In the listing below, find the line containing "silver tetradrachm, SG-6723v, Price-3293a, head" and the line containing "#TemanPemilih, berikut kami". Repeat exactly those two lines and every line between them.

- _Records supplied_
——————————

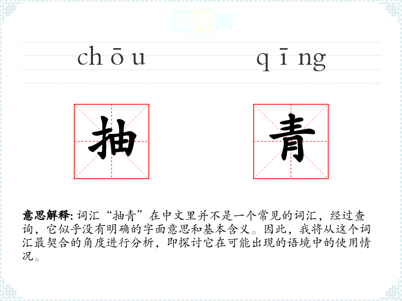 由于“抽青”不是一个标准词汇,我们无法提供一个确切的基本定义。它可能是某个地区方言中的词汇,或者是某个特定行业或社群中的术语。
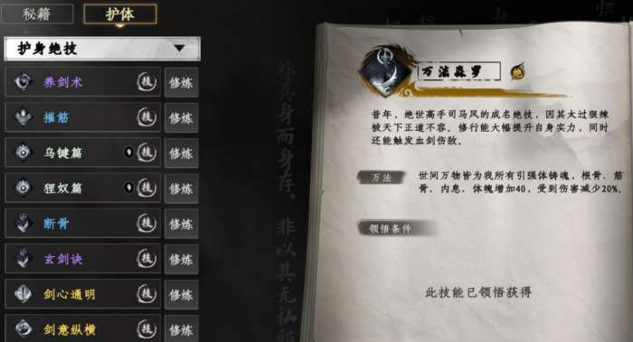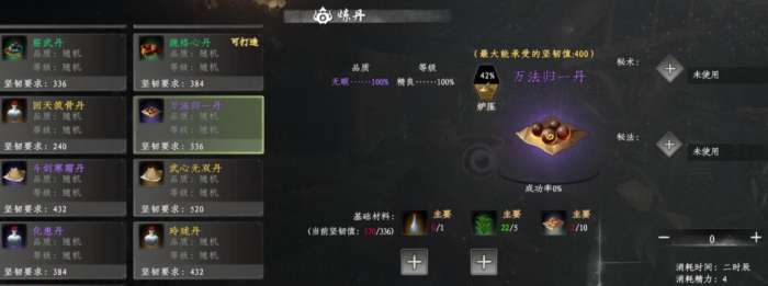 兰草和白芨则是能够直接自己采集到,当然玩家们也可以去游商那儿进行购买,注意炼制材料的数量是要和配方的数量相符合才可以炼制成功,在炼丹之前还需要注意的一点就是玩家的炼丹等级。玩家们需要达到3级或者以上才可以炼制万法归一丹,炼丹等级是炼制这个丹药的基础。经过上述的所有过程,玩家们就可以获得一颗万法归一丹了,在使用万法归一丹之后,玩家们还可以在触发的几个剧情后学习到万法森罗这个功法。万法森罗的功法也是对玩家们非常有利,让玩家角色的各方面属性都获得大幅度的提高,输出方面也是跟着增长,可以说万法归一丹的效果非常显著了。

——————————

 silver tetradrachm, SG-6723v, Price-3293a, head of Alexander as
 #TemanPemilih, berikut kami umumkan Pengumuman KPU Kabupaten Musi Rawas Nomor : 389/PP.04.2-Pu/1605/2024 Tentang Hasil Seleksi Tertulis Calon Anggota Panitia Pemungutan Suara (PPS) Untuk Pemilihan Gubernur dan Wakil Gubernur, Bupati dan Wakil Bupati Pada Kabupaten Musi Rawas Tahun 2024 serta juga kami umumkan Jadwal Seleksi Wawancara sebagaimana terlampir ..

——————————

- _Problem solution_
 silver tetradrachm, SG-6723v, Price-3293a, head of Alexander as
 #TemanPemilih, berikut kami umumkan Pengumuman KPU Kabupaten Musi Rawas Nomor : 389/PP.04.2-Pu/1605/2024 Tentang Hasil Seleksi Tertulis Calon Anggota Panitia Pemungutan Suara (PPS) Untuk Pemilihan Gubernur dan Wakil Gubernur, Bupati dan Wakil Bupati Pada Kabupaten Musi Rawas Tahun 2024 serta juga kami umumkan Jadwal Seleksi Wawancara sebagaimana terlampir ..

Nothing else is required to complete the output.